*** Begin section ***

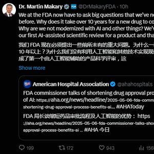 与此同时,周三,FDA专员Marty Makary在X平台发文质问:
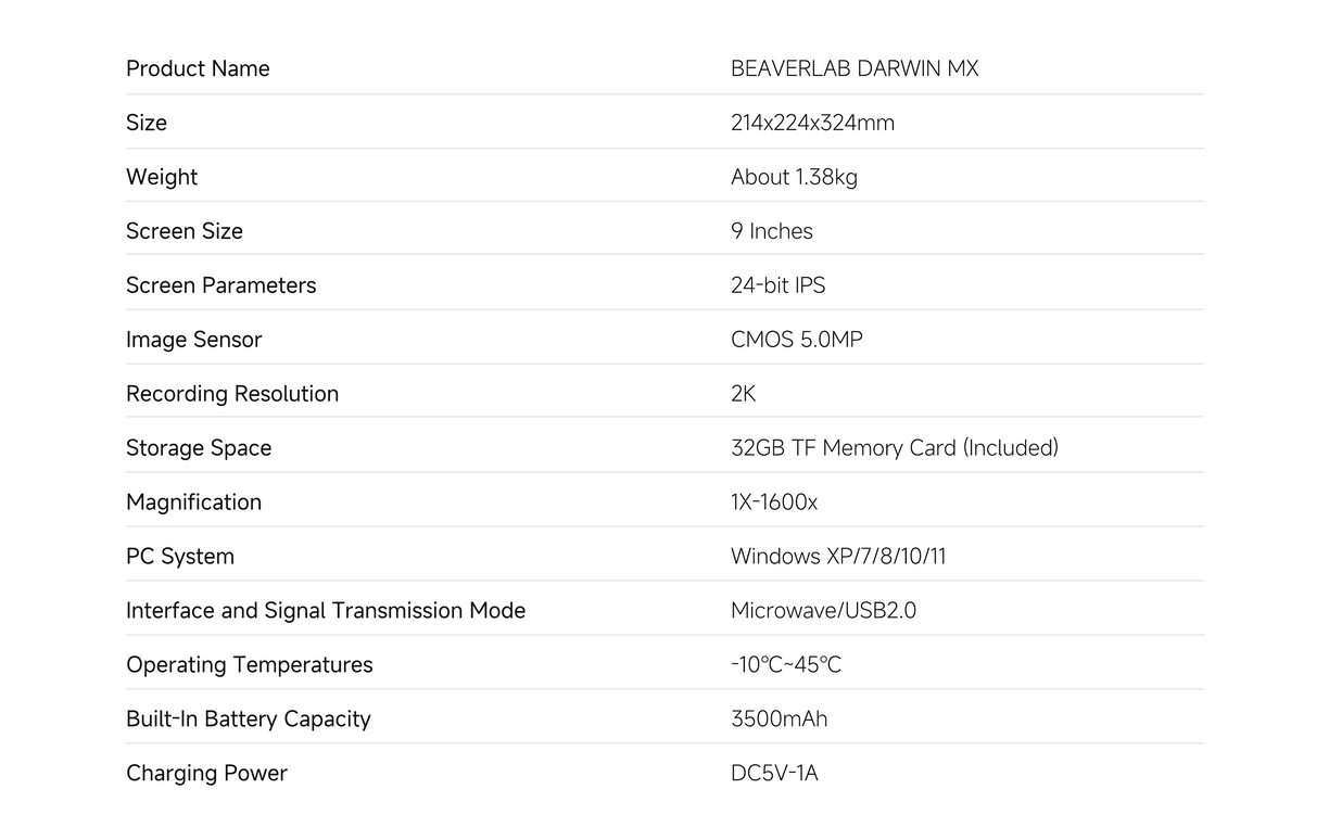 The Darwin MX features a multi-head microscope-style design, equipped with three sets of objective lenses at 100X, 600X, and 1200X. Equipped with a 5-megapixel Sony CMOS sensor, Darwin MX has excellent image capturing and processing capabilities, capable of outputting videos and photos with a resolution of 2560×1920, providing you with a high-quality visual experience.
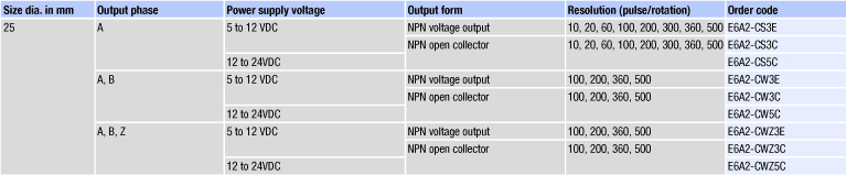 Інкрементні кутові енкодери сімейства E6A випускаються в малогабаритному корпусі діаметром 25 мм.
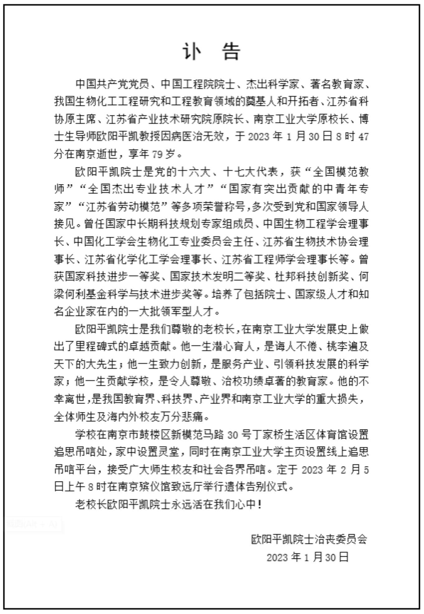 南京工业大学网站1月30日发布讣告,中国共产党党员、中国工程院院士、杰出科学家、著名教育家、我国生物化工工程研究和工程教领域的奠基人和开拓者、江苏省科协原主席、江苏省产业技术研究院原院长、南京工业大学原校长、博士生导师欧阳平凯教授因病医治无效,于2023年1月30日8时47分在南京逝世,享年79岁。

*** End section ***
*** Begin section ***

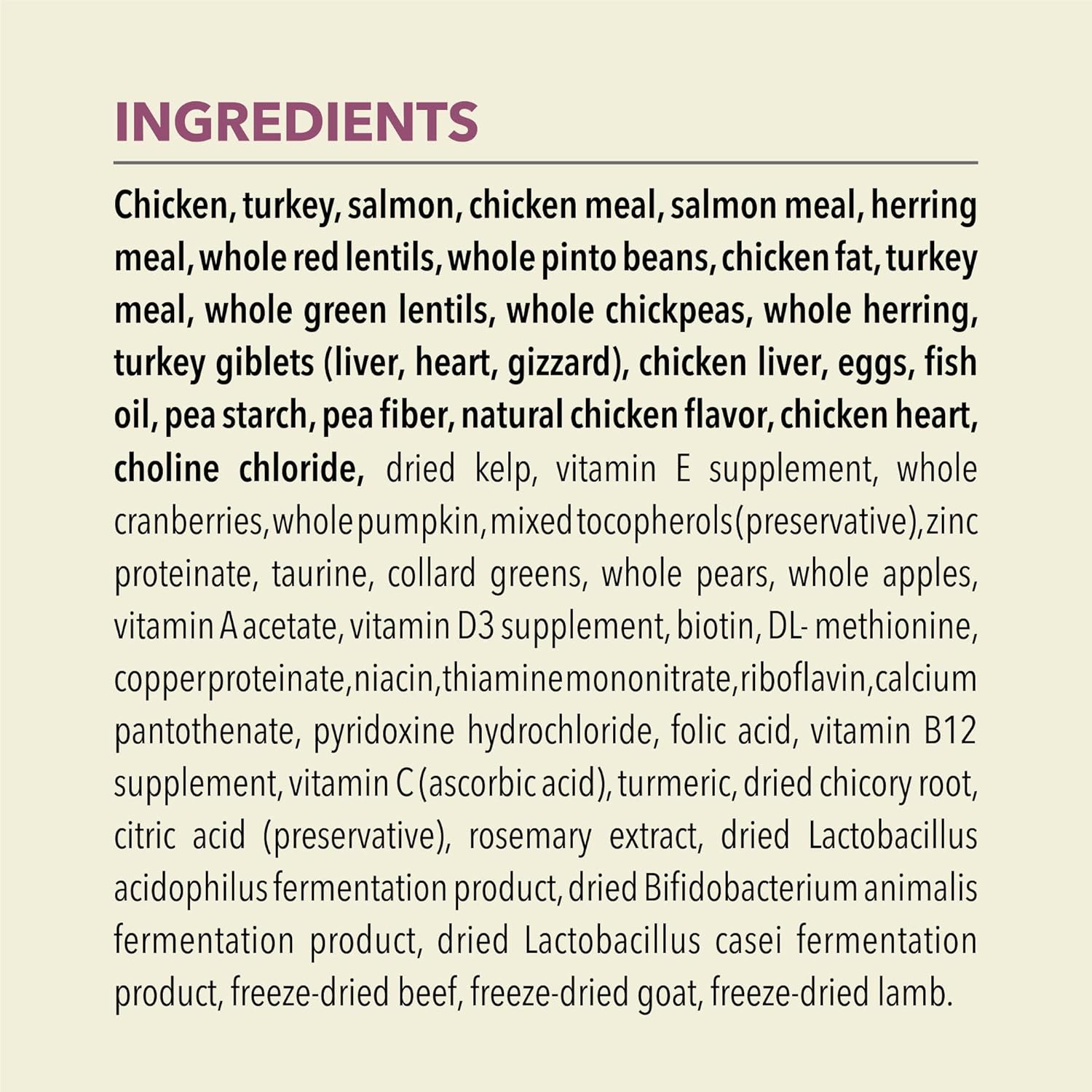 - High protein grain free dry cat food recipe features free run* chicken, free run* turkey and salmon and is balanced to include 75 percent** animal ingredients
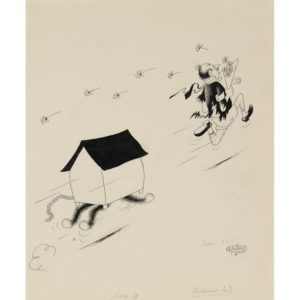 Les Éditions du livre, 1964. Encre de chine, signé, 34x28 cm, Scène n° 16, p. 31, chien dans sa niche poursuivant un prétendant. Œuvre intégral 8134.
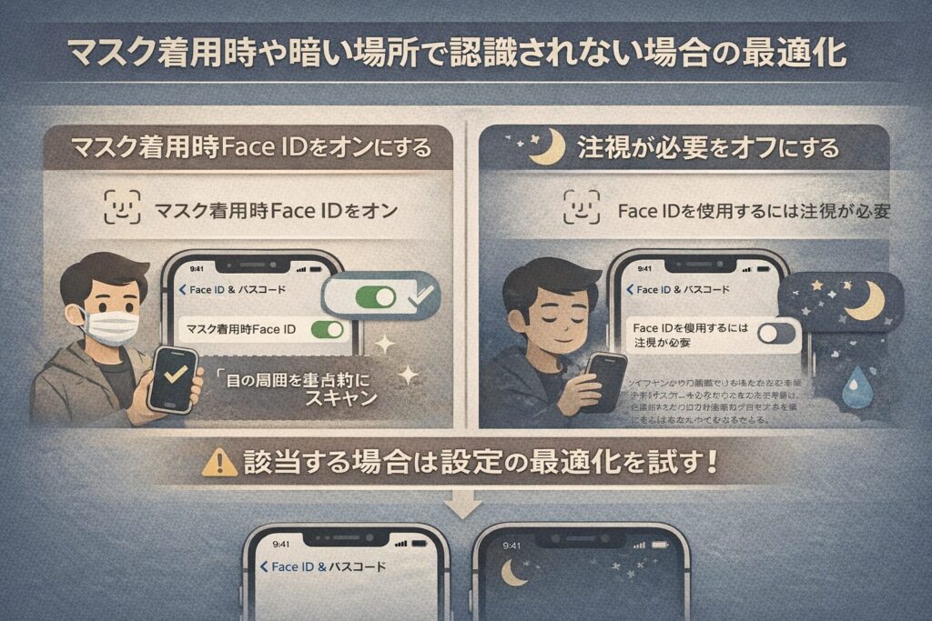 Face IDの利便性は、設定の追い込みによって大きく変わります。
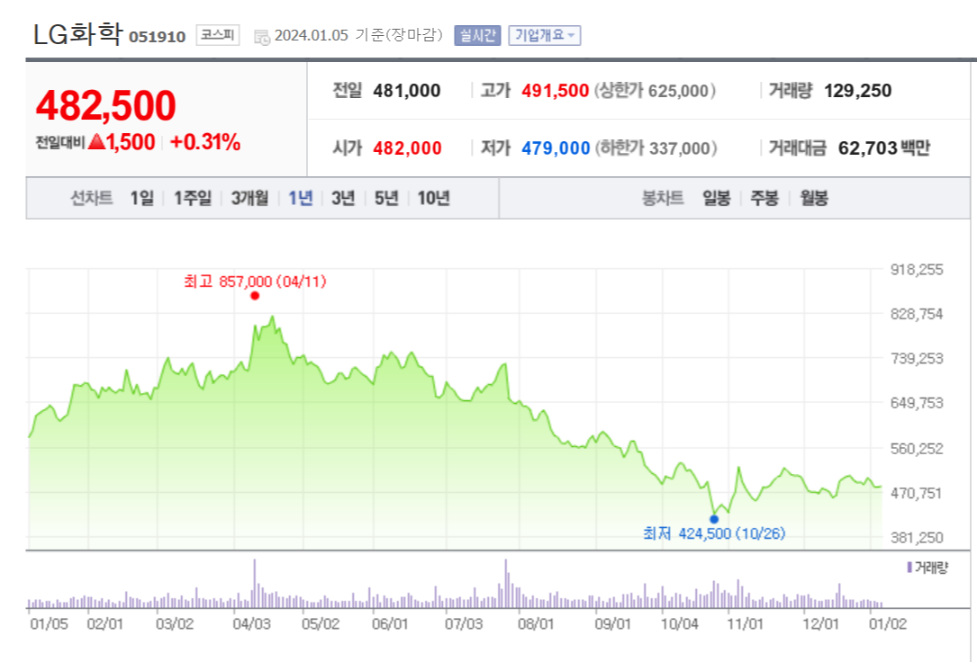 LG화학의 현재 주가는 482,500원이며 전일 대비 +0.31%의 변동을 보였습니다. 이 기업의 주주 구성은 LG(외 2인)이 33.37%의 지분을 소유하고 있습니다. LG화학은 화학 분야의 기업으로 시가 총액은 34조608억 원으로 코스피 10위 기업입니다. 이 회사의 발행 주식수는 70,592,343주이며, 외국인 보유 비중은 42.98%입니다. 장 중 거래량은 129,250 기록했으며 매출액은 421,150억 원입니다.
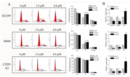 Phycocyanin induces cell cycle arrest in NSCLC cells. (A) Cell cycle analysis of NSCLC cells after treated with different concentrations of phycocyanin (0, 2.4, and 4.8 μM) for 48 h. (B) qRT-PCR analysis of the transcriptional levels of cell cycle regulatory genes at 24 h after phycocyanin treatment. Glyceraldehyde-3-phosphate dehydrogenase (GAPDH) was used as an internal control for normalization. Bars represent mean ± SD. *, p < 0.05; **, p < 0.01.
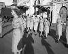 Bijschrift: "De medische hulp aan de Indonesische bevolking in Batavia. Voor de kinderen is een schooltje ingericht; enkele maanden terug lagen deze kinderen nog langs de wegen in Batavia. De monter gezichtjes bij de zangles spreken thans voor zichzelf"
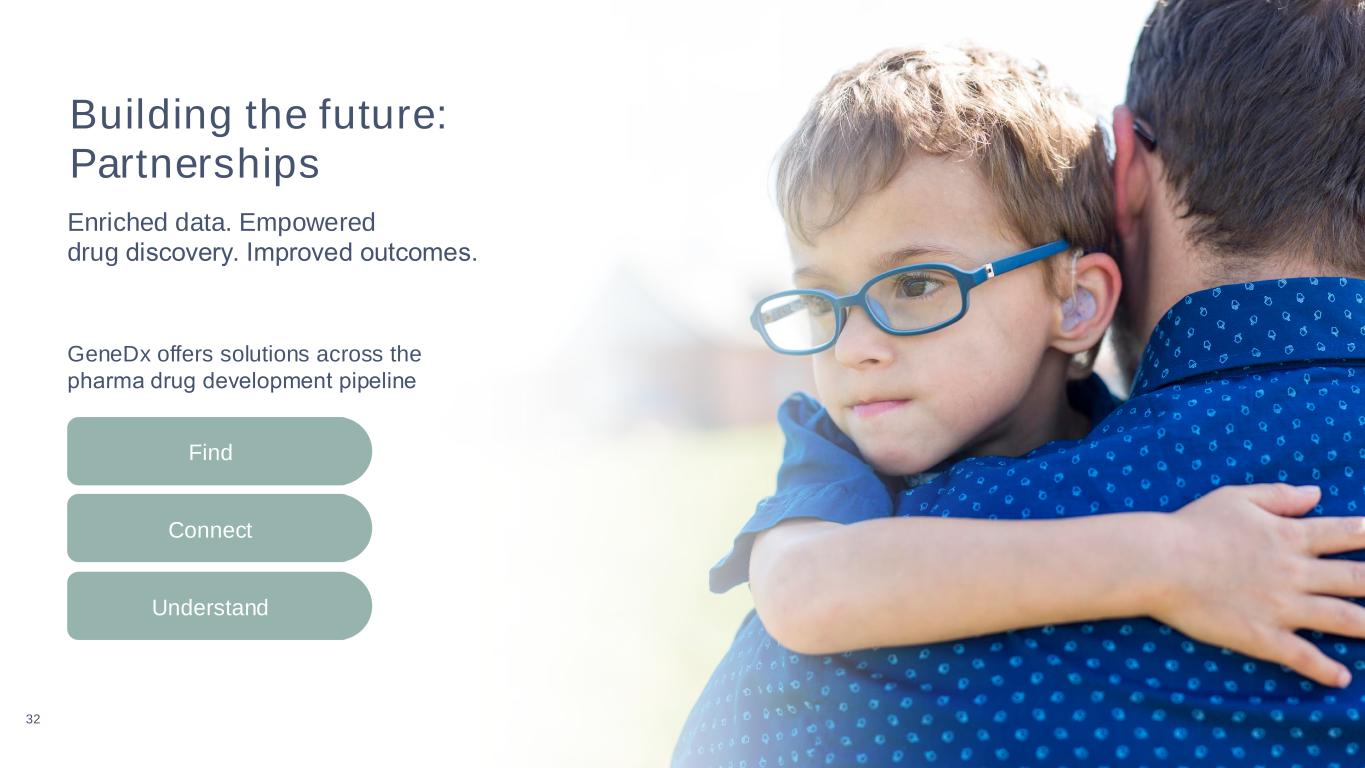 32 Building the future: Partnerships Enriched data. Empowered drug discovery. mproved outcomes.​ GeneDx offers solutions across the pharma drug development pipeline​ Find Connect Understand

*** End section ***

→ **ACTIVITY**:
Your answer should be the lines above, word for word, from the line with "Face IDの利便性は、設定の追い込みによって大きく変わります。" through the line with "Phycocyanin induces cell", minus the pictures.

→ **REPLY**:
 Face IDの利便性は、設定の追い込みによって大きく変わります。
 LG화학의 현재 주가는 482,500원이며 전일 대비 +0.31%의 변동을 보였습니다. 이 기업의 주주 구성은 LG(외 2인)이 33.37%의 지분을 소유하고 있습니다. LG화학은 화학 분야의 기업으로 시가 총액은 34조608억 원으로 코스피 10위 기업입니다. 이 회사의 발행 주식수는 70,592,343주이며, 외국인 보유 비중은 42.98%입니다. 장 중 거래량은 129,250 기록했으며 매출액은 421,150억 원입니다.
 Phycocyanin induces cell cycle arrest in NSCLC cells. (A) Cell cycle analysis of NSCLC cells after treated with different concentrations of phycocyanin (0, 2.4, and 4.8 μM) for 48 h. (B) qRT-PCR analysis of the transcriptional levels of cell cycle regulatory genes at 24 h after phycocyanin treatment. Glyceraldehyde-3-phosphate dehydrogenase (GAPDH) was used as an internal control for normalization. Bars represent mean ± SD. *, p < 0.05; **, p < 0.01.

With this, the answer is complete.